Regression has some assumptions about its errors, *e<sub>i</sub>*. 
These assumptions are:

 * E[*e<sub>i</sub>*] = 0
 * Var(*e<sub>i</sub>*) = &sigma;<sup>2</sup>
 * *e<sub>i</sub>* ~ *N*(0, &sigma;<sup>2</sup>)
 * Cov(*e<sub>i</sub>*, *e<sub>j</sub>*) = 0

 Additioanlly, we also assume:
 * no multicollinearity in regressors

The first three conditions are necessary to perform a least square estimation and to have valid fitted values.  
The last condition is only required for any hypothesis tests, confidence intervals and prediction intervals. 

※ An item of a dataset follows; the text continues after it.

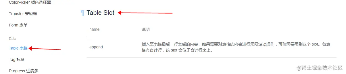 elementUI 中 <el-table>无限滚动的实现 已注销 2020-07-10 3,666 阅读1分钟 觉得也是时候 记录一些踩过的坑 近期做了一个需要在表格模块中实现的一个无限滚动 使用elementUI的朋友应该知道是有这样一个组件 —— 下图 官网的例子是基于 Ul列表来实现的无限滚动 在table实际应用当中,会出现我们的文字提示会跑到外面去,页面滚轮会一直停留在底部,直到全部加载完,也都不是我们想要达到的效果; 解决办法: 我们回到elementUI文档的组件,发现组件是有插槽的 使用:

As you can see, most of our assumptions are about errors. However, errors cannot be observed in practice. Instead, we well be working with residuals, which are only estimates of the errors. They have however, an estimation-related issue.   
In regression, the variances of the residuals at different input variable values may differ. This can happen even if the variances of the errors at these different input variable values are equal.   

To improve the results, we can standardize or [studentize](https://en.wikipedia.org/wiki/Studentized_residual) the residuals.

## 1.1 Sample model
Let's fit a sample model, and take a look at its fit.

In [None]:
df = pd.read_csv("data/interesting_data.csv", index_col=0)
y = df.y.to_numpy()
X = df.loc[:, df.columns != 'y'].to_numpy()

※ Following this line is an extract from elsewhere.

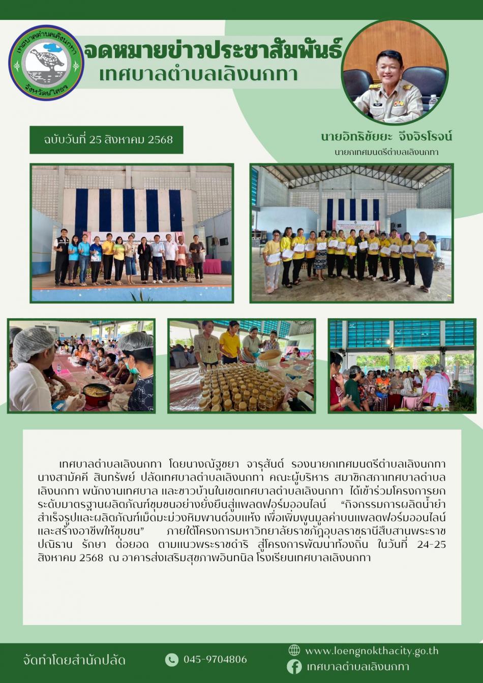 เทศบาลตำบลเลิงนกทา โดยนางณัฐชยา จารุสันต์ รองนายกเทศมนตรีตำบลเลิงนกทา นางสามัคคี สินทรัพย์ ปลัดเทศบาลตำบลเลิงนกทา คณะผู้บริหาร สมาชิกสภาเทศบาลตำบลเลิงนกทา พนักงานเทศบาล และชาวบ้านในเขตเทศบาลตำบลเลิงนกทา ... [17 กันยายน 2568]

threshold = int(len(X)*0.8)
X_train, X_test = X[:threshold], X[threshold:]
y_train, y_test = y[:threshold], y[threshold:]

predictors = sm.add_constant(X_train)
model = sm.OLS(y_train, predictors).fit()
fitted = model.predict(predictors)

print(model.summary())

## 1.2 Assumption 1
E[*e<sub>i</sub>*] = 0

In other words, on average the errrors should be zero

In [None]:
residuals_raw = fitted - y_train
residuals = residuals_raw/np.std(residuals_raw)
print("Expected error estimate: {}".format(sum(residuals)/len(residuals)))

In [None]:
plot_x_vs_y(fitted, residuals, "response", "residuals")

In [None]:
plot_x_vs_y(fitted, residuals, "Fitted", "Residuals", add_zero_line=True, add_lowess=True)

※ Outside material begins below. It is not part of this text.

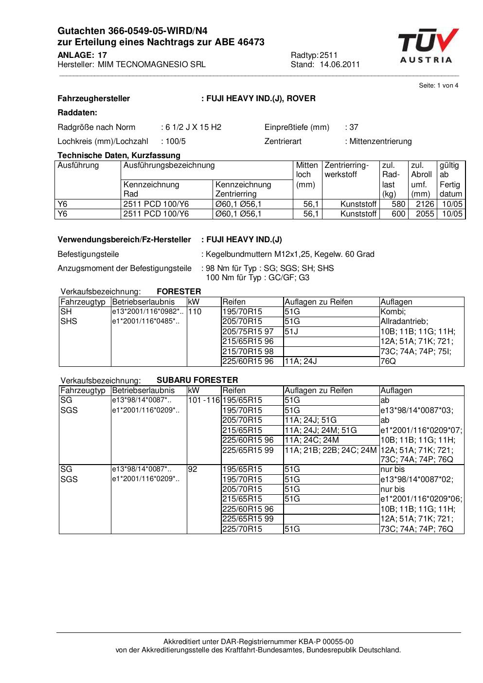 Dieses Gutachten (abe) bezieht sich auf die Alufelge ATS 2511 in der Ausführung 2Jx15 ET 0, Mittenloch 0 mm (KBA 46473). Im PDF findest du typischerweise zulässige Reifengrößen, Auflagen/Anbauhinweise und – je nach Dokument – Hinweise zur Eintragung.

Failing assumption implies systematic error. This means:
* the relationship between response and regressors may be nonlinear
* some important regressors may be missing
* some important interactions may be missing

## 1.3 Assumption 2

Var(*e<sub>i</sub>*) = &sigma;<sup>2</sup>

In other words: variance of residuals should be constant

### 1.3.1 Fitted vs residuals: heteroskedasticity check

In [None]:
# Let's extend our plot_fitted_vs_residuals function
def plot_fitted_vs_residuals(fitted: np.ndarray, residuals: np.ndarray, 
                             mean: bool=True, 
                             width = 100, 
                          bin_type = None) -> None:

    ax = plot_x_vs_y(fitted, residuals, "Fitted", "Residuals")
    
    if mean:
        ax.hlines(0, xmin=min(fitted), xmax=max(fitted), colors="orange")
    if bin_type == "window":
        ax.vlines(np.arange(min(fitted), max(fitted)+width, width), 
                  ymin=min(residuals), ymax=max(residuals), colors="red")
    elif bin_type == "points": 
        width = round(width)
        ax.vlines(np.sort(fitted)[::width], 
                      ymin=min(residuals), ymax=max(residuals), colors="red")
    plt.title('Fitted vs Residuals')

plot_fitted_vs_residuals(fitted, residuals, mean=False, width=100, bin_type='window')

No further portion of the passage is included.